◆ Problem details
Reproduce the whole listing exactly and let no picture into the copy.

◆ Dataset extract
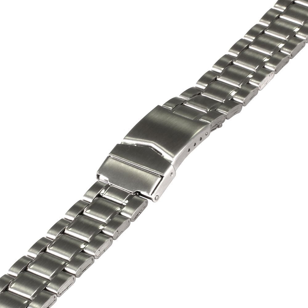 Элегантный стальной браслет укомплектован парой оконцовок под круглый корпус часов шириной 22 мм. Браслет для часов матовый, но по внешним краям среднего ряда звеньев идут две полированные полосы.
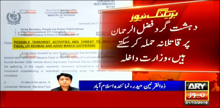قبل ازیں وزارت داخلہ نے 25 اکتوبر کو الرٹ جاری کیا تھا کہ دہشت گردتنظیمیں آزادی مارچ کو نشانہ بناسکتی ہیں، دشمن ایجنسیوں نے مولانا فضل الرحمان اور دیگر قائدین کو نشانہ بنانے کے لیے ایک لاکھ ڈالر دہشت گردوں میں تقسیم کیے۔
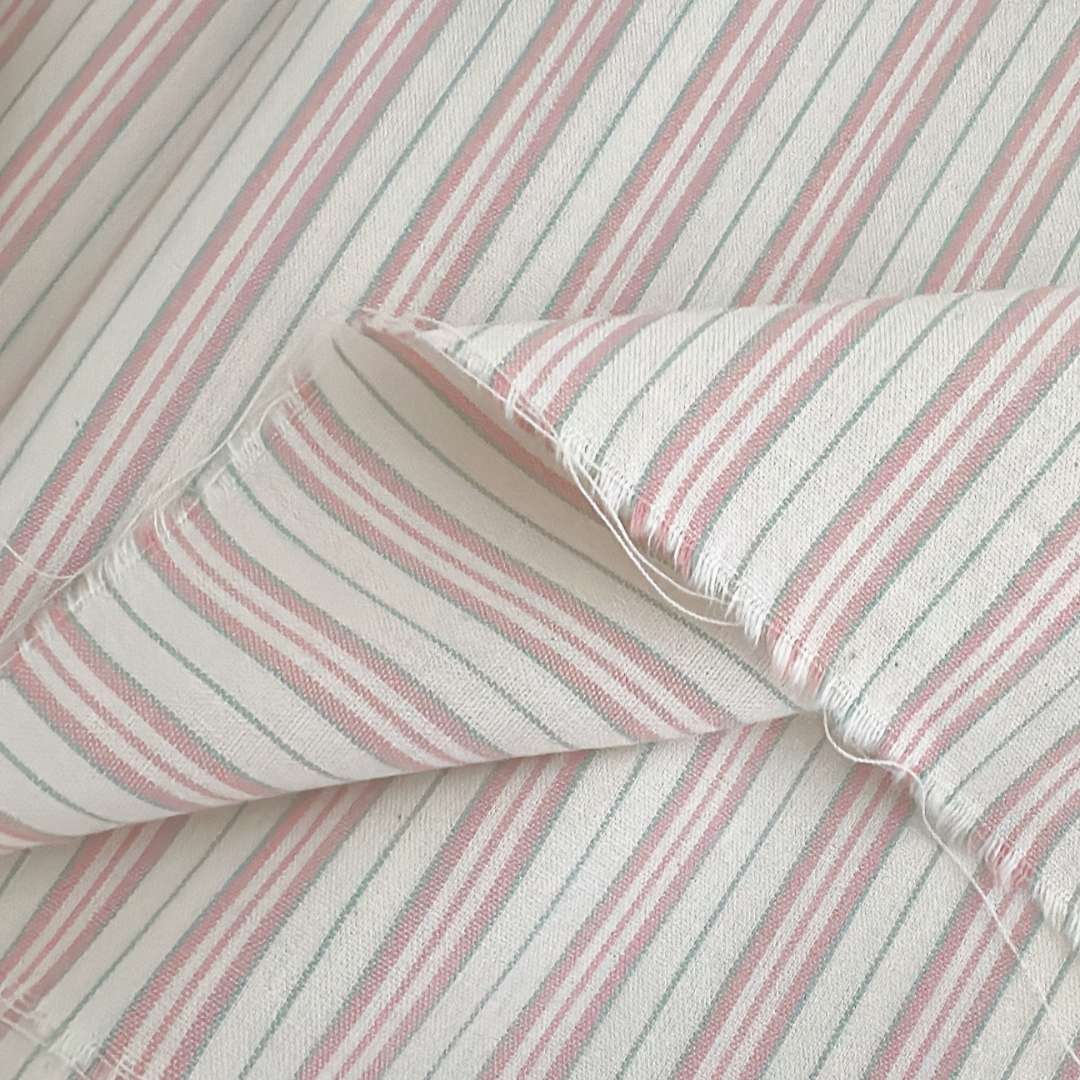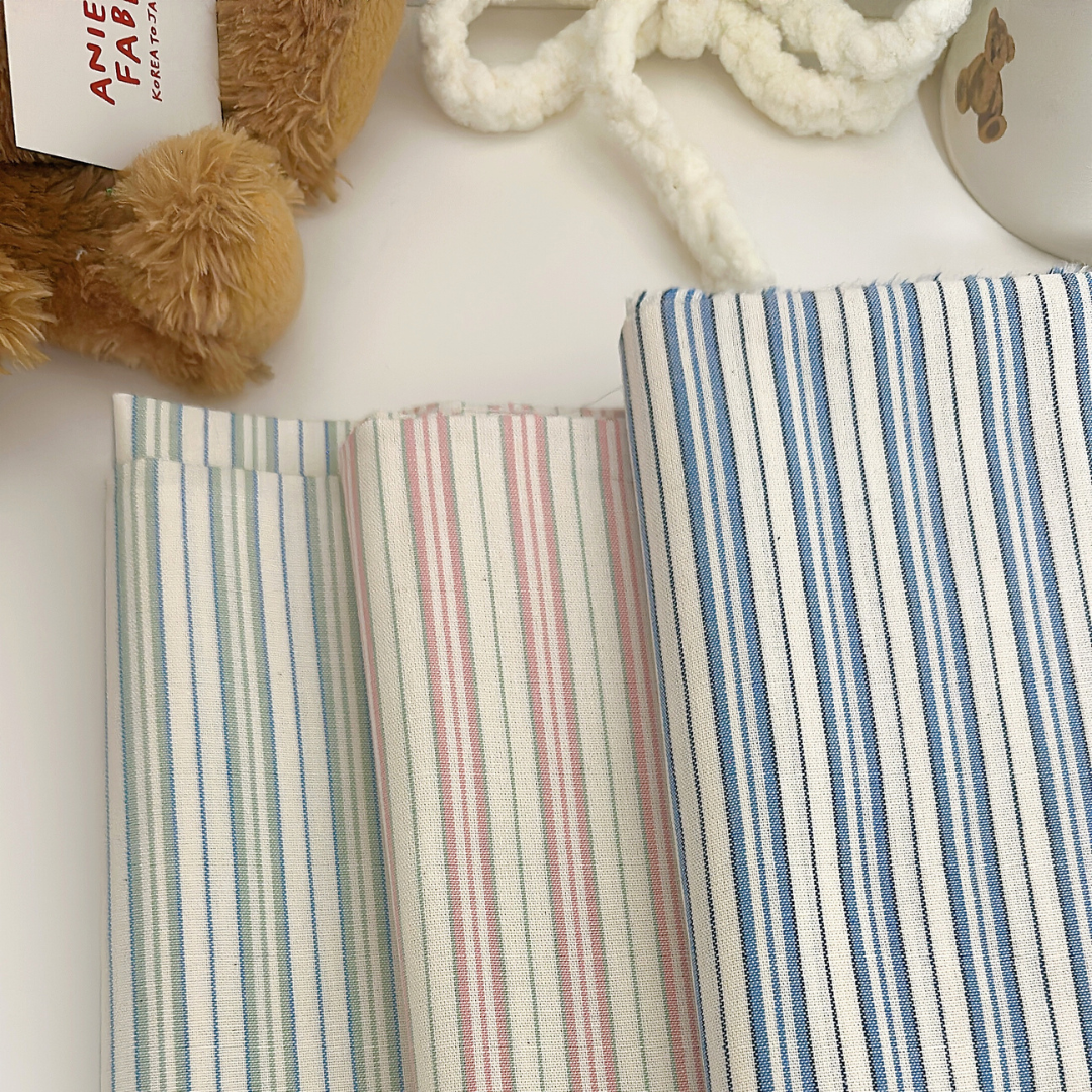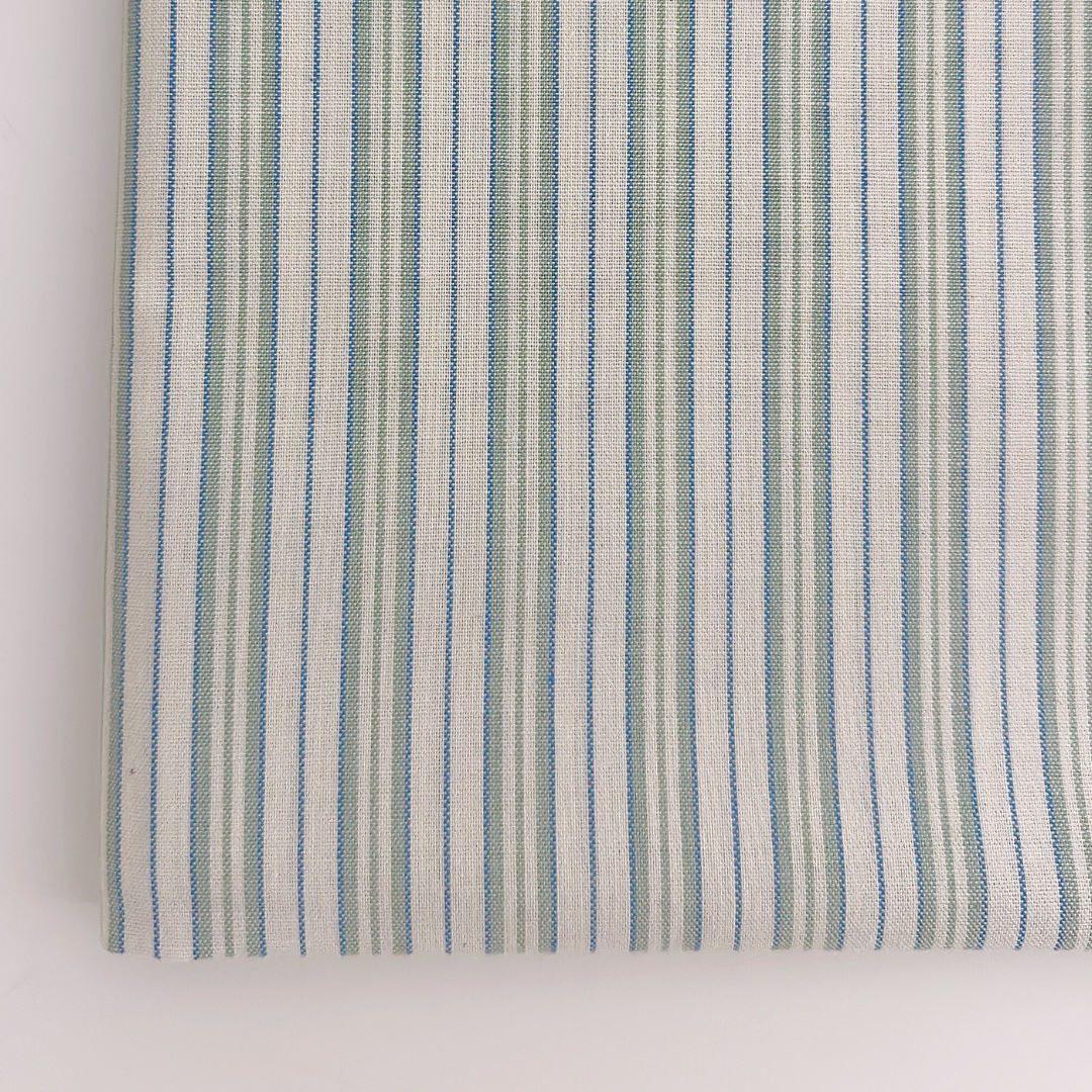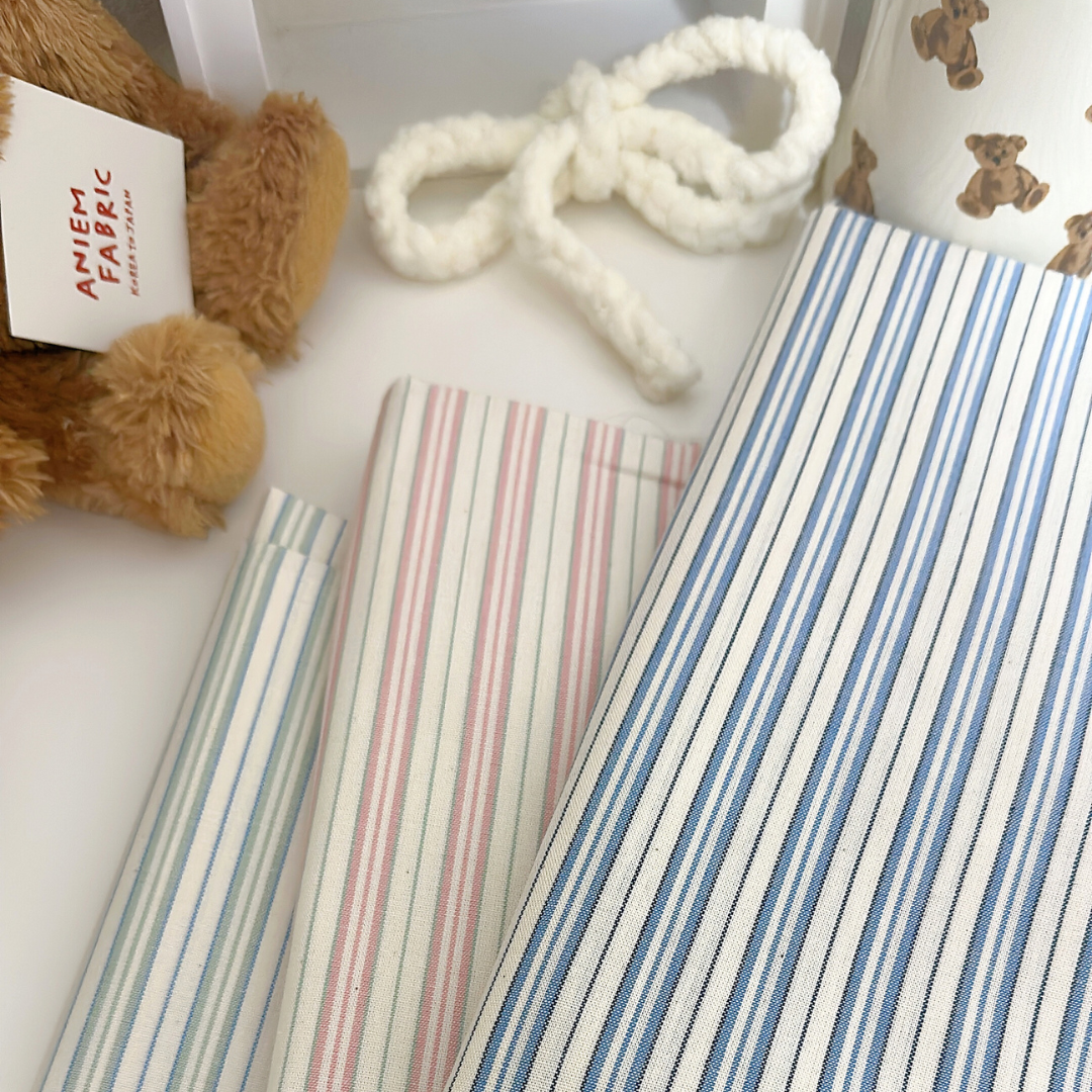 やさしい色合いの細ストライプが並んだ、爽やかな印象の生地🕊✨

◆ Output of the task
 Элегантный стальной браслет укомплектован парой оконцовок под круглый корпус часов шириной 22 мм. Браслет для часов матовый, но по внешним краям среднего ряда звеньев идут две полированные полосы.
قبل ازیں وزارت داخلہ نے 25 اکتوبر کو الرٹ جاری کیا تھا کہ دہشت گردتنظیمیں آزادی مارچ کو نشانہ بناسکتی ہیں، دشمن ایجنسیوں نے مولانا فضل الرحمان اور دیگر قائدین کو نشانہ بنانے کے لیے ایک لاکھ ڈالر دہشت گردوں میں تقسیم کیے۔
 やさしい色合いの細ストライプが並んだ、爽やかな印象の生地🕊✨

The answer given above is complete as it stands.